2.2.2. Penilaian dan pencatatan persediaan menurut PSAK No. 14

a) Untuk memeriksa apakah metode penilaian persediaan

sesuai dengan Standar Akuntansi Keuangan.

Pada umumnya persediaan dinilai berdasarkan harga

perolehan (acquisition cost), dalam hal ini bisa dipilih

metode FIFO (first in first out), LIFO (last in first out) atau

AVERAGE COST (moving average atau weighted

average).

Untuk barang-barang yang harga jualnya sudah pasti

(logam mulia) atau cepat rusak (hasil pertanian seperti

sayuran dan buah-buahan) bisa di nilai berdasarkan harga

jual. Untuk barang-barang yang usang, rusak atau bergerak

lambat bias diadakan penyisihan (allowance) sehingga

sesuai dengan metode lower of cost or market (mana yang


23

lebih rendah antara harga perolehan dan harga pasar). Dalam

keadaan inflasi, penggunaan FIFO akan mengakibatkan

harga pokok penjualan rendah dan laba kotor menjadi tinggi;

penggunaan LIFO akan menghasilkan laba kotor yang

rendah; penggunaan AVERAGE COST akan menghasilkan

laba kotor yang lebih kecil dibandingkan FIFO tetapi lebih

besar dari penggunaan LIFO. Dari segi undang - undang

pajak tidak diperkenankan menggunakan LIFO karena

berarti pajak yang terutang akan lebih kecil dibandingkan

penggunaan FIFO dan AVERAGE COST akan menghasilkan

laba kotor yang lebih kecil dibandingkan FIFO tetapi lebih

besar daripada penggunaan LIFO.

b) Untuk memeriksa apakah sistem pencatatan persediaan

sesuai dengan prinsip akuntansi yang berlaku umum di

Indonesia.

Ada dua sistem pencatatan persediaan yang biasa

digunakan, yaitu perpetual system dan physical (periodical)

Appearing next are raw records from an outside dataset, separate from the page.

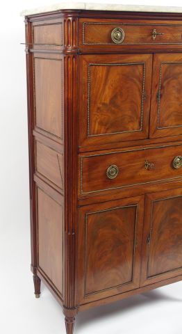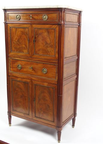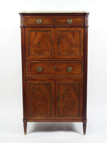 Secrétaire Louis XVI en acajou et placage d'acajou, ouvrant à un tiroir, quatre vantaux et un abattant, dessus marbre blanc, montants cannelés et rudentés.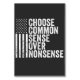 Choose common sense over nonsense, political pun, American flag, Democratic values, Kamala Harris, Tim Walz, political humour, election slogan, political satire, Democrat messaging, political campaign, common sense politics, American democracy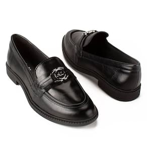 O Sapato Dakota Loafer Preto é aquele clássico indispensável no closet de toda mulher moderna. Com um design minimalista e sofisticado, ele traz o toque perfeito de elegância para compor desde os looks de trabalho até as produções mais despojadas do dia a dia. O detalhe em metal dourado no cabedal adiciona charme e personalidade, elevando o visual com discrição e estilo.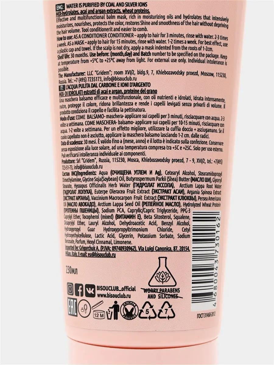Бальзам, маска для волос Защита цвета и увлажнение для окрашенных и тусклых волос, 230 мл. Гидролат иссопа, экстракты асаи, арганы и клюквы. 98% натуральных ингредиентов. Эффективная и мультифункциональная натуральная бальзам-маска для волос насыщена увлажняющими маслами и гидролатами, подходит для окрашенных, поврежденных и тусклых волос. Интенсивно увлажняет, питает, защищает цвет, восстанавливает блеск и гладкость волос, не лишая их объема. Эффективно кондиционирует и облегчает расчесывание. Способ применения: 1. как бальзам: нанесите на волосы на 3 минуты; смойте водой. Рекомендуем использовать 2 - 3 раза в неделю. 2. Как маска: нанесите на волосы на 10 - 15 минут; смойте водой. Рекомендуем использовать 1 - 2 раза в неделю. Для лучшего эффекта используйте полиэтиленовую шапочку и полотенце. Наносите бальзам маску с отступом от корней 1 - 2 см.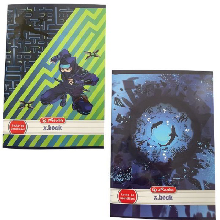 A5-ös méretű, 32 lapos leckefüzet Boys/Girls, kapcsozott kivitelben, mintás fedlappal, hófehér belívvel, az x.book termékcsalád része.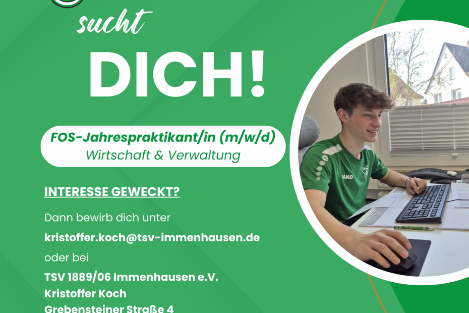 Die TSV 1889/06 Immenhausen e.V. sucht für die Jahnturnhalle eine zuverlässige Vertretung in der Raumpflege. Zeitraum:30.03. – 29.05.2026 Rahmenbedingungen:• Beschäftigung auf Minijob-Basis• ca. 7–8 Wochenstunden•… Weiterlesen »Stellenanzeige – Vertretung Raumpflege (m/w/d)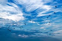 Een troep vogels tegen een blauwe lucht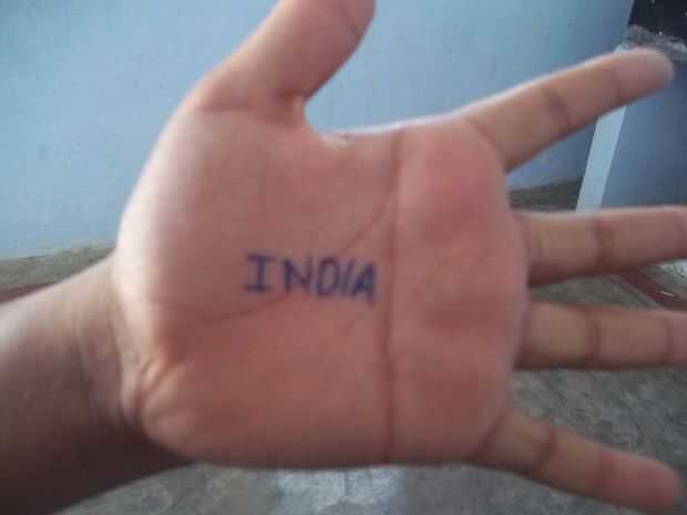 En primer lugar, lávese las manos limpia y séquela. Ahora escribe cualquier palabra en tu mano con un lápiz como se muestra en la imagen de arriba.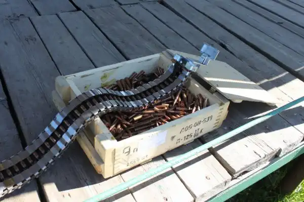 2) Лента идет звеньями по 25 патронов (тащиться по земле не будет)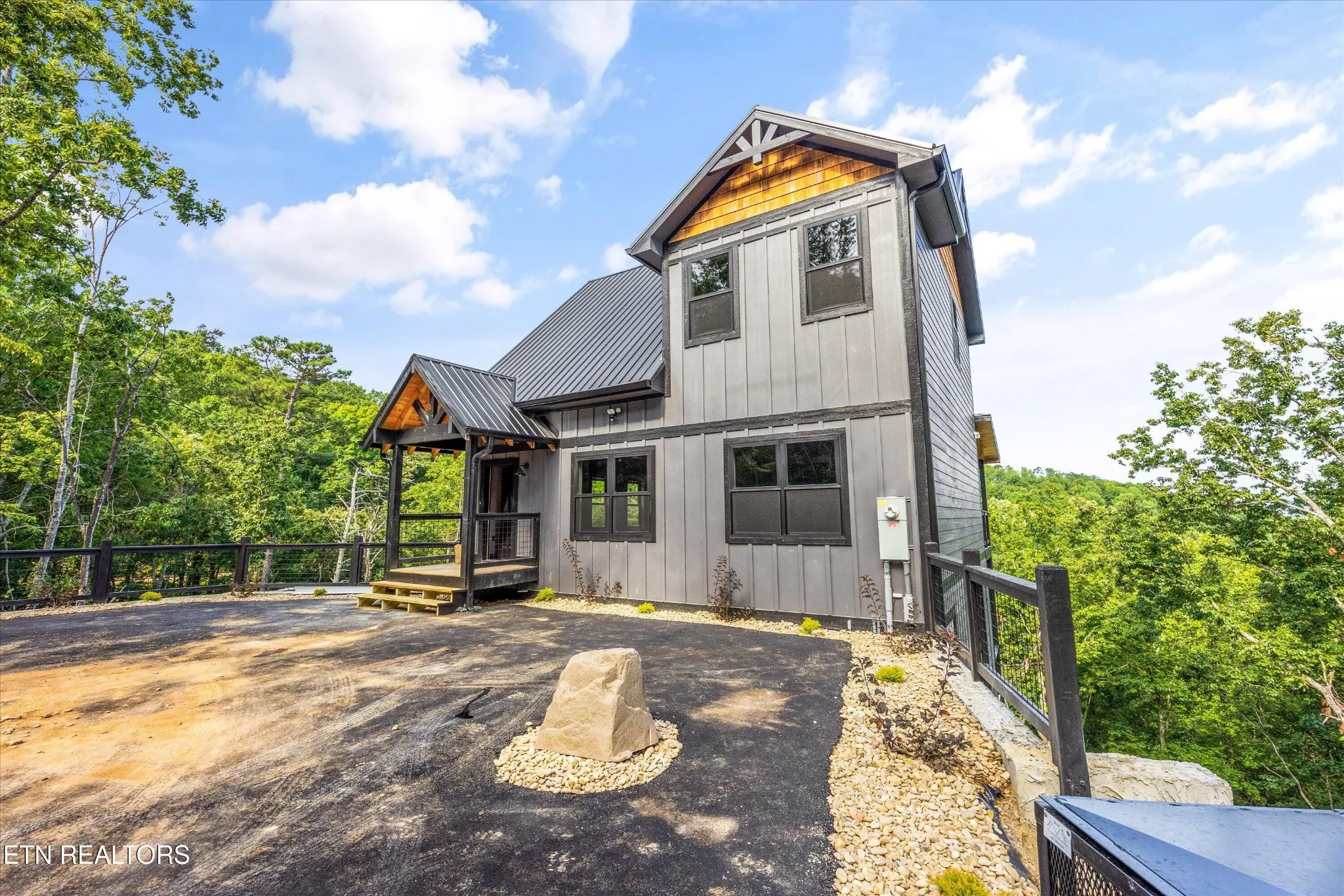 Brand-new and beautifully designed, this modern three-story cabin in the gated Shagbark community offers both style and comfort with stunning mountain views as your backdrop.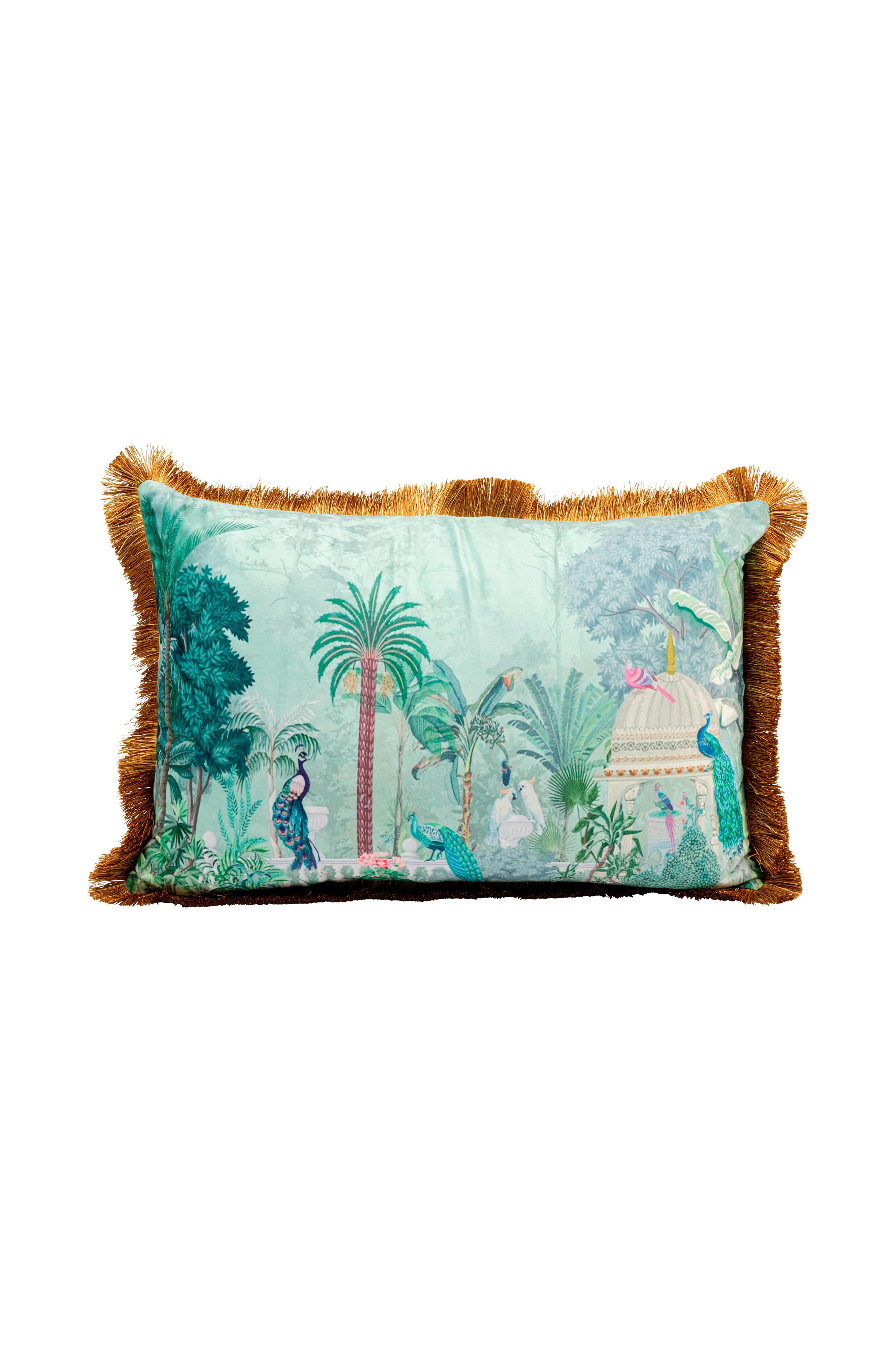 En touch av djungel möter mystisk tempelmagi: denna rektangulära dekorativa kudde presenterar ett detaljerat naturmotiv med exotisk känsla och konstnärlig karaktär. Kombinationen av livfulla gröna toner, pelare i antik stil och fantasifulla växter skapar en fascinerande bakgrund för eleganta bostadsdrömmar. Perfekt för att ge djup och personlighet till soffor, dagbäddar eller fåtöljer. Särskilt uttrycksfullt i kombination med sammetstyger, guldaccenter eller mörkt trä. Som solist eller i en ensemble med andra kuddmotiv gör denna textilaccessoar ett kraftfullt statement mellan urban djungel och dekorativ elegans. Ett riktigt blickfång med storytelling-potential.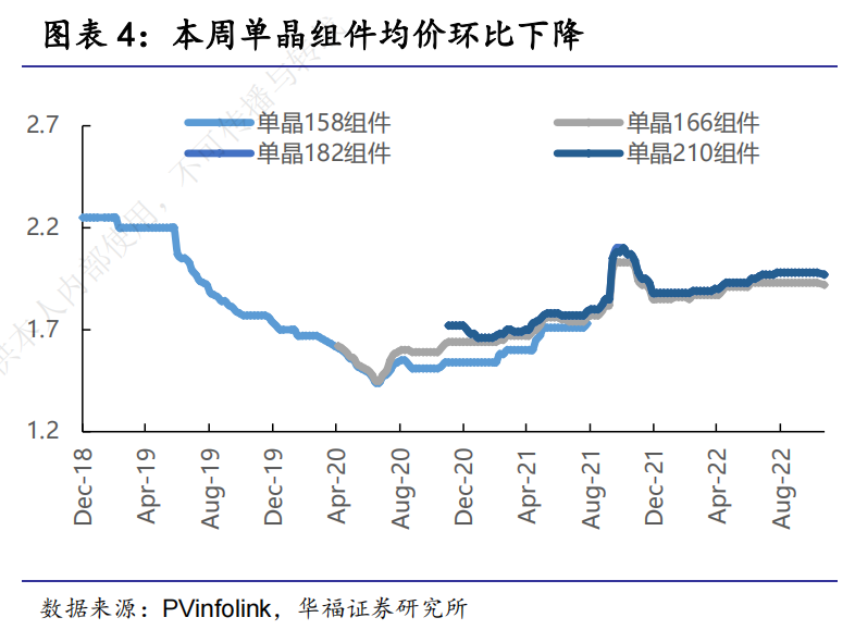 再者,随着上游价格拐点的逐渐清晰,近期组件价格也开始进入了下行通道。数据显示,本周部分一线组件企业价格并无法成功上浮报价、甚至部分价格下滑,均价区间略微走跌。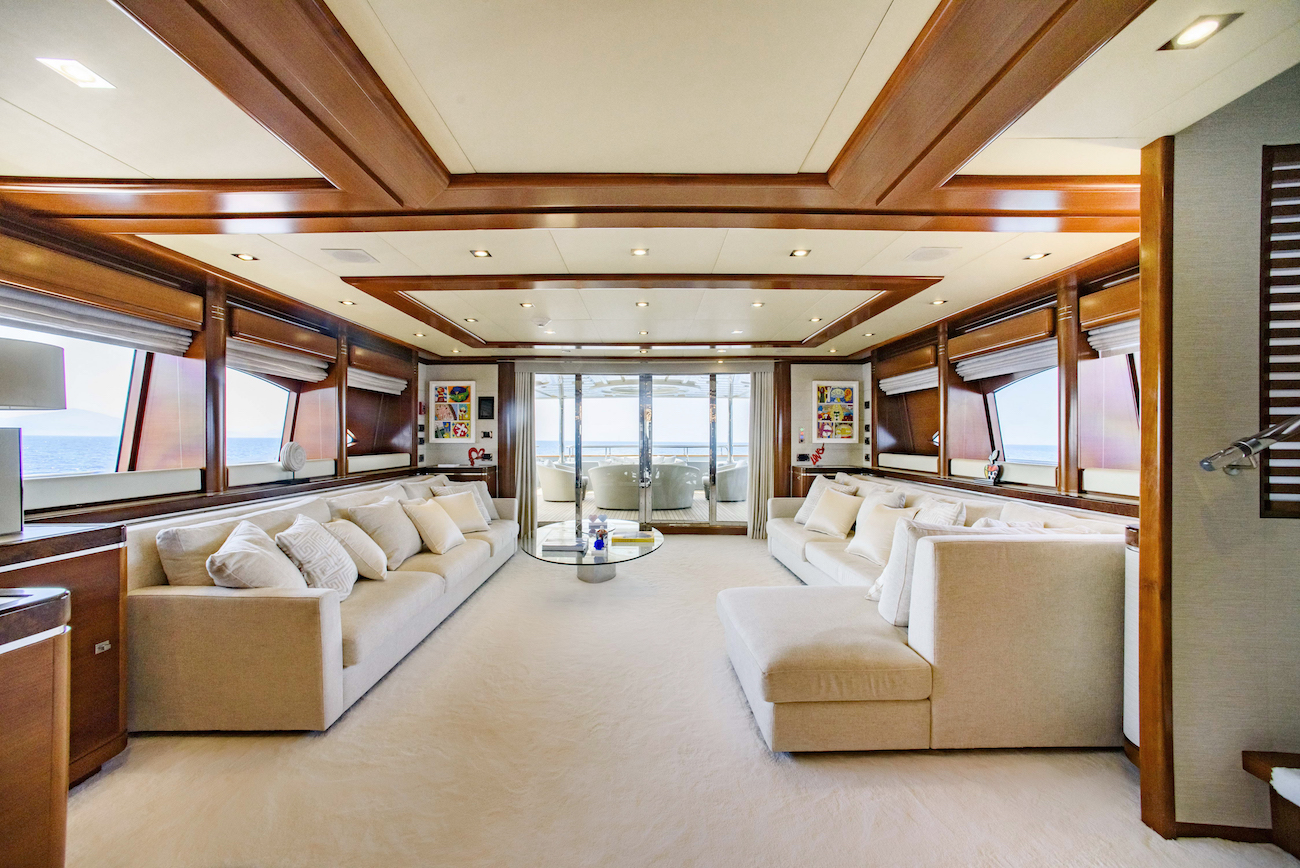 Further forward is the formal dining area that can be separated from the Salon via a sliding door. All the way forward on the main deck is the impressive master cabin. On the upper level, the beautiful upper salon is a great place to relax with a comfortable seating, a bar and entertainment area.

system. Dalam perpetual system, setiap ada pembelian,

perkiraan persediaan akan didebit, setiap ada penjualan,

perkiraan persediaan akan dikredit. Jika digunakan physical

system, perkiraan persediaan tidak pernah didebit waktu

pembelian dan tidak pernah dikredit waktu ada penjualan.

Karena itu jika perusahaan ingin mengetahui berapa saldo


24

persediaan pada akhir periode, harus dilakukan stock

opname (perhitungan fisik persediaan).